Such discussions and actions may be preliminary and exploratory in nature, and not rise to the level of a
plan or proposal. Subject to the terms of the Subscription Agreements, the Stockholders Agreement and the Registration Rights Agreement, the Reporting Persons or their affiliates may seek to acquire securities of the Issuer, including Common Stock
and/or other equity, debt, notes or other financial instruments related to the Issuer or the Common Stock (which may include rights or securities exercisable or convertible into securities of the Issuer), and/or sell or otherwise dispose of some or
all of such Issuer securities or financial instruments (which may include distributing some or all of such securities to such Reporting Persons respective partners or beneficiaries, as applicable) from time to time, in each case, in open
market or private transactions, block sales or otherwise. Any transaction that any of the Reporting Persons or their affiliates may pursue, subject to the terms of the Subscription Agreements, the Stockholders Agreement and the Registration Rights
Agreement, may be made at any time and from time to time without prior notice and will depend on a variety of factors, including, without limitation, the price and availability of the Issuers securities or other financial instruments, the
Reporting Persons or such affiliates trading and investment strategies, subsequent developments affecting the Issuer, the Issuers business and the Issuers prospects, other investment and business opportunities available to
such Reporting Persons and their affiliates, general industry and economic conditions, the securities markets in general, tax considerations and other factors deemed relevant by such Reporting Persons and such affiliates.

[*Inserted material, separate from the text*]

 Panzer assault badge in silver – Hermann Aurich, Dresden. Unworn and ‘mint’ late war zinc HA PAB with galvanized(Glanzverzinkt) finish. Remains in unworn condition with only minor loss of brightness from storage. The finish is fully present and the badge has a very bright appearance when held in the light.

Except as described in this Schedule 13D, the Reporting Persons do not have any present plans or proposals that relate to or would result in any of the
actions described in subparagraphs (a) through (j) of Item 4 of Schedule 13D, although such persons, at any time and from time to time, may review, reconsider and change their position and/or change their purpose and/or develop such plans and
may seek to influence management or the board of directors with respect to the business and affairs of the Issuer, and may from time to time consider pursuing or proposing such matters with advisors, the Issuer or other persons.

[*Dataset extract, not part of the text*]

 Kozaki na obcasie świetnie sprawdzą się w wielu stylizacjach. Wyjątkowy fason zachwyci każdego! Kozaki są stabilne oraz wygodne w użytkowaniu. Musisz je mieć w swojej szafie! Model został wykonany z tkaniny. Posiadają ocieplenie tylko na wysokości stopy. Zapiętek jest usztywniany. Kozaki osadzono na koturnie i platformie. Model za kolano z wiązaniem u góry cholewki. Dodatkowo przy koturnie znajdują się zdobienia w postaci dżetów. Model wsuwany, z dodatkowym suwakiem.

Item 5. Interest in Securities of the Issuer.
(a)
and (b) Calculations of the percentage of Common Stock beneficially owned assumes that there are a total of 57,977,300 shares of Common Stock outstanding as of October 29, 2018 following the transactions described herein, based on
14,079,480 shares of Common Stock issued and outstanding as of August 14, 2018, per the Quarterly Report on Form
10-Q
filed by the Issuer with the SEC on August 14, 2018, as adjusted for the issuance
of an additional 43,897,820 shares of Common Stock in the aggregate on October 29, 2018, as described in the Issuers Current Report on Form
8-K
filed on November 2, 2018.
The aggregate number and percentage of shares of Common Stock beneficially owned by each Reporting Person and, for each Reporting Person, the number of shares
as to which there is sole power to vote or to direct the vote, shared power to vote or to direct the vote, sole power to dispose or to direct the disposition, or shared power to dispose or to direct the disposition are set forth on rows 7
through 11 and row 13 of the cover pages of this Schedule 13D and are incorporated herein by reference.
As of the date hereof, (i) GSO Capital
Opportunities Fund III LP holds 9,358,749 shares of Common Stock and $8,923,464 principal amount of Convertible Notes (convertible into 1,115,433 shares of Common Stock), (ii) GSO CSF III Holdco LP holds 8,309,901 shares of Common Stock and
$7,923,400 principal amount of Convertible Notes (convertible into 990,425 shares of Common Stock), (iii) GSO Credit Alpha II Trading (Cayman) LP holds 802,179 shares of Common Stock and $764,872 principal amount of Convertible Notes (convertible
into 95,609 shares of Common Stock), (iv) GSO Harrington Credit Alpha Fund (Cayman) L.P. holds 133,697 shares of Common Stock and $127,480 principal amount of Convertible Notes (convertible into 15,935 shares of Common Stock), (v) GSO Aiguille des
Grands Montets Fund II LP holds 112,974 shares of Common Stock and $107,720 principal amount of Convertible Notes (convertible into 13,465 shares of Common Stock), (vi) BTO Legend Holdings L.P., as nominee for BTO Legend Holdings (Cayman) - NQ L.P.,
holds 7,445,474 shares of Common Stock and $7,099,168 principal amount of Convertible Notes (convertible into 887,396 shares of Common Stock), and (vii) Blackstone Family Tactical Opportunities Investment Partnership III (Cayman) - NQ - ESC
L.P. holds 56,527 shares of Common Stock and $53,896 principal amount of Convertible Notes (convertible into 6,737 shares of Common Stock).